The REST style encourages loose coupling, independent evolution, and uniform interfaces. The "hypermedia as engine of application state" is the opposite of a DL.

How is a DL so bad? A DL is used to generate code (stubs/skeletons) at design time. After that, any changes to the URI or data values on the server side will brake any clients.

So what's my great idea? Use a micro-format as machine signposts.

Links and forms could be marked with a set of class attributes that convey the common machine processing activities. I'm thinking about common stuff like:

login/logout
parts (list, name, id number, related parts links, specification link)
checkout/ordering (mailing address, billing address, credit card info)

As an example, if I have a shopping site with a list of parts and a checkout form, something like this (in pig-xml for easy web typing):

[div class="part"]
  [div class="part.name"]Super Espresso Machine[/div]
  [div class="part.number"]42[/div]
  [a class="part.specification" href="42/specification"]Part specification[/div]
  [form class="add.to.cart" action="order/42" method="post"]
    [input type="submit" value="Submit"]Add to Cart[/input]
  [/form]
[/div]
[div class="part"]
  ...
[/div]

[form class="checkout" action="buynow" method="post"]
    [input class="fullname" type="text" name="fullname"/]
    [input class="mailing.address" type="text" name="mailing-address"/]
     [input class="billing.address" type="text" name="billing-address"/]
    [input class="creditcard.number" type="text" name="creditcard-number"/]
    [input type="submit" value="Send"/]
 [/form]

I could write a personal shopping agent that picked parts by id and followed the "checkout" action (form) filling in anything that was already known (like addresses and cc info).

Why can't I do the same thing with a DL?!? Sure, you could.

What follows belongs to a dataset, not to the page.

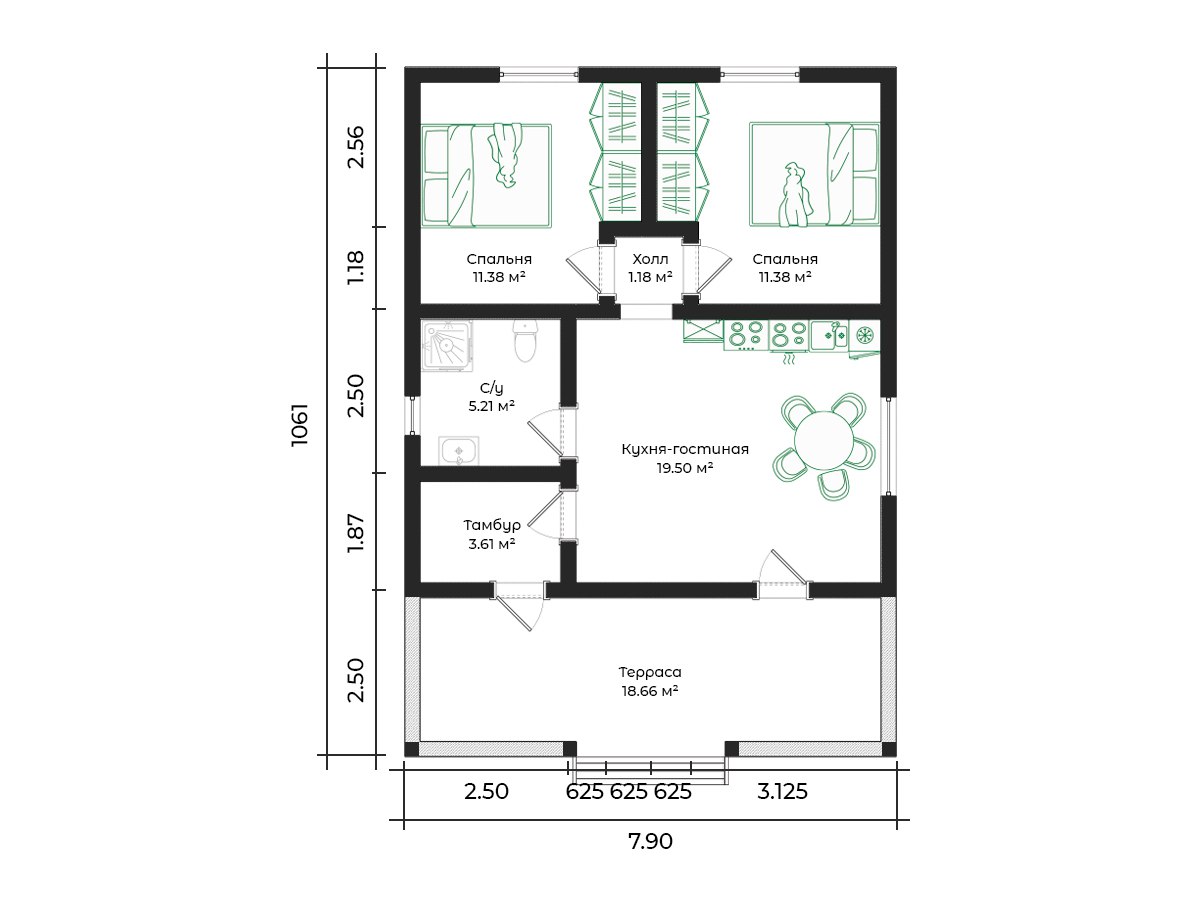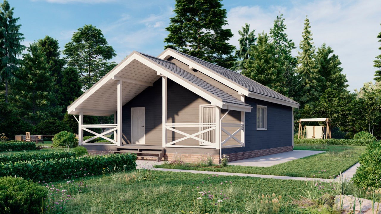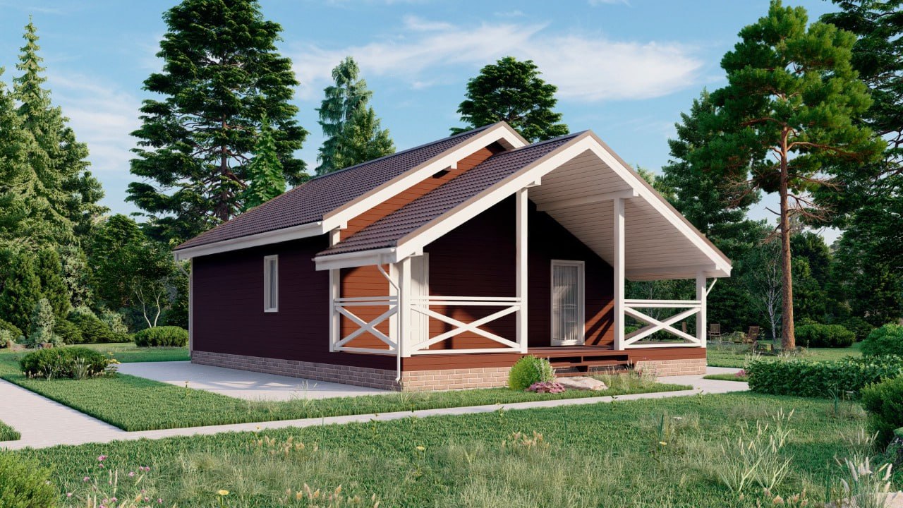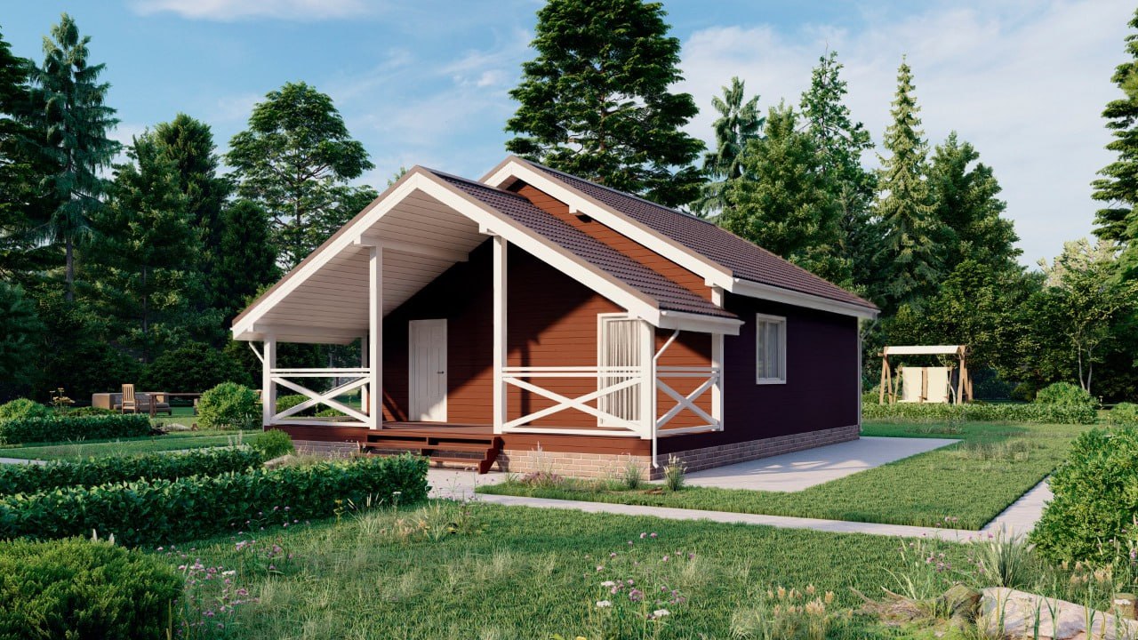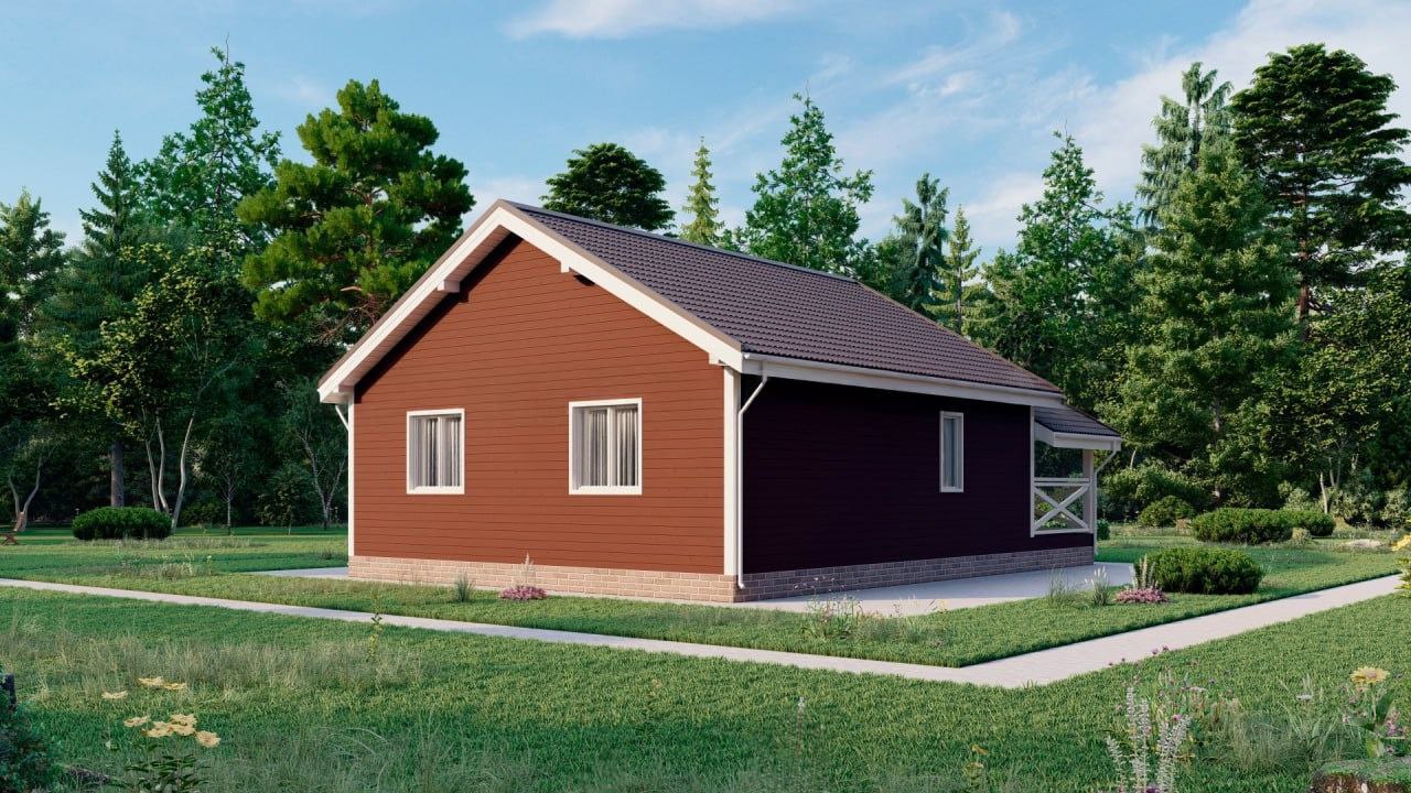 Дом из СИП-панелей, с удобной планировкой: кухня-гостиная, тамбур, холл, 2 спальни, с/у, терраса. Общая площадь дома (с террасой): 83,74 м2.

Until the server added a confirmation page after the first form. Something like:

[form class="checkout" action="buynow.confirm" method="post"]
    [input type="submit" value="Send"/]
  [/form]

A human would take that in stride, but a DL wouldn't already be coded to handle that. The agent that's just following signposts would easily be able to cope with this change.

A signpost following agent would, once it decided to follow the "checkout" action keep on following it, filling in recognized data values as it progressed. That is until a success or error response is found. Oh, must add a "success" signpost to my list.

Couldn't a web site just provide a DL exposed service point and the HTML exposed service? Sure, but, that would be more work, right?

Introduction

Hello world!

I'm going to try writing my tech thinking down in a blog. I don't easily write things, so I'm giving myself permission to post raw drafts, incomplete thoughts, incoherent ramblings, and maybe a few good ideas.

I'm going to stick mainly to technology topics like programming languages, distributed concurrent systems, REST and other service oriented architectures, and other limited domains.